Dermot could feel he was looking at her too much, so he held his hand out to Liam and said, “Say, my name is Dermot Davey.”
“Ah hah,” he said.
“I’m just here from New York having a drink. This is my mother’s uncle, Mister James Meehan. He lives near here.”
“Ah hah,” Liam said. He nodded pleasantly, his eyes were friendly. He went no further.
The dark-haired girl took out a box of cigarettes, pulled a few up, and reached past Dermot to offer them to the mother’s uncle and the old man with the pin. The man with the pin took one. He said thank you, and she gave him the little nod and smile. She offered one to the barman, who said no, and then held out the pack to Dermot.

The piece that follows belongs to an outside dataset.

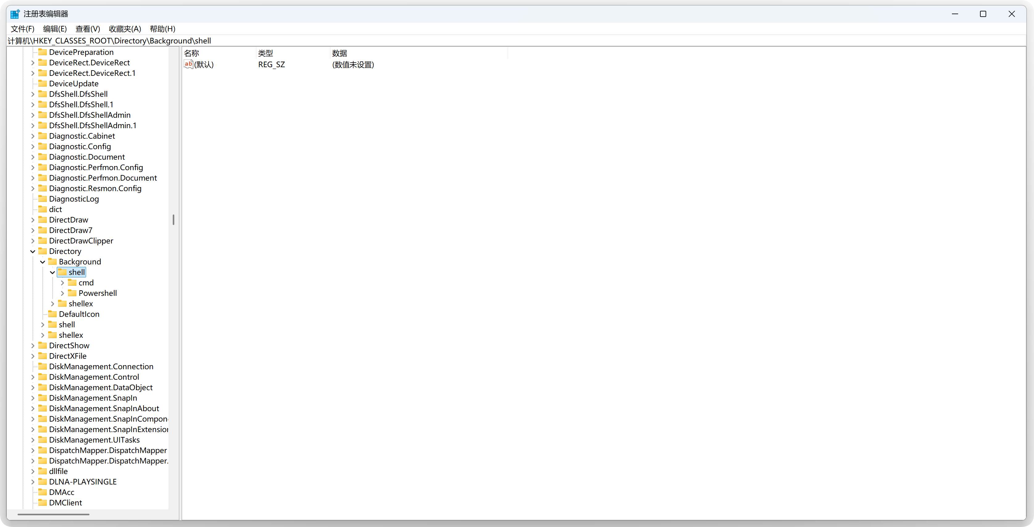 注册表上面直接输入计算机\HKEY_CLASSES_ROOT\Directory\Background\shell

He grabbed one and said thanks and she gave the little nod and half-smile and turned to the people with her. They all were smoking. He held out his lighter for her, but she didn’t notice it. She was striking a box match.

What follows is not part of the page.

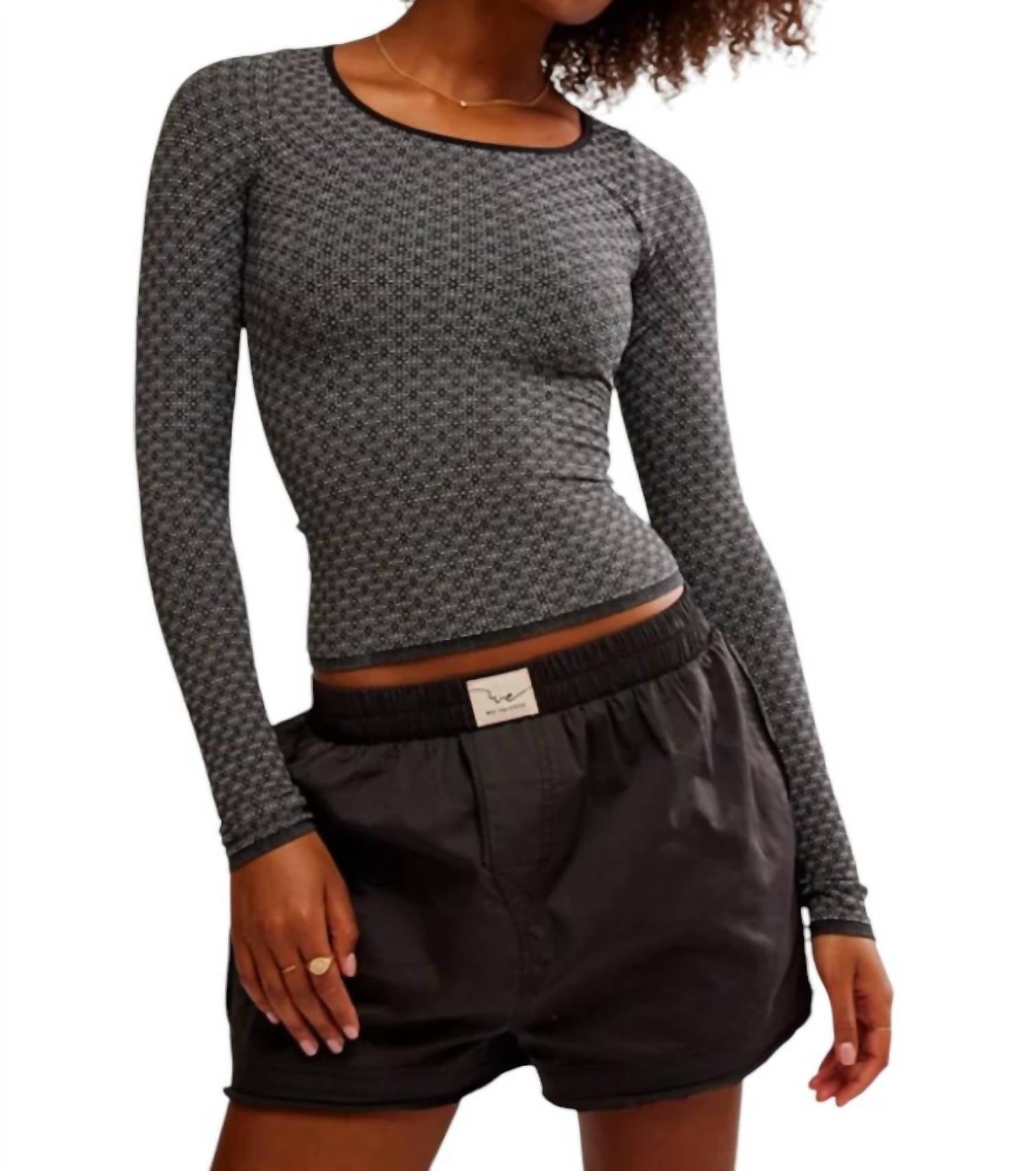 Ultimate versatile piece. Long sleeves and crafted from a blend of 64% nylon, 28% polyester and 8% spandex. Offers a formfitting and slightly cropped silhouette. Designed with a seamless scoop neckline. Soft textured fabrication ensures comfort and style. Made in US. Effortlessly cared for with a machine wash cold.

“How’s your drink?” Dermot asked.
She held out the glass. “I believe it’s brilliant.”
“Have another one then,” he said.
Her eyebrows raised and her eyes looked right over the glass at him while she drained the glass and held it out to the barman.
Dermot asked Liam if he’d care to have a drink.
“No, I have too much to do,” he said. He waved his hand at the others. “They’ll keep you busy, however.”
The four of them were wearing small red-and-gold insignias. Dermot leaned over to look at the one pinned to the girl’s coat. The insignia was made of a gold profile of a man’s head. The lettering under it said 1870—NEVER! The man, bald and with fierce eyebrows, looked exactly like Lenin.
“Who’s that?” Dermot said.
Her eyes widened. “You don’t know?”
“I tell you the truth, to me it looks like Lenin.”
“Well, it is.”
Dermot pulled his head back. “What do you have that for?”
“Labour Party,” she said.
“Oh, for a second there I was going to say—”
“Say what?”
“Well, what am I supposed to think, I just come here from New York and I see somebody wearing a pin with Lenin on it.”
“If I were civilized,” she said, pronouncing each word slowly, “I would think that the person with the pin was interested in working-men and -women.”
“Yeah, but the Labour Party isn’t the Communist Party.”
“Ah dunno, I guess you could call us Communists. Although we’re a bit more radical than Communists, you know.”
Larry put his hand on Dermot’s arm and said, “I want to take a walk around and look up a few people.”
“Well, go ahead.”
“Don’t you want to come?”
“I’m fine here,” Dermot said. He poked Larry’s father.
“Oh, I can see you’re interested in the old man here,” Larry said. He was smiling. His father chuckled.
“No, I just want to talk to her.”
“Don’t even try,” Larry said. “We’re always arguin’ with them. All they do, the whole fuckin’ lot of them, is talk, talk, talk. Every time we advocate doin’ something all they want to do is talk about it.”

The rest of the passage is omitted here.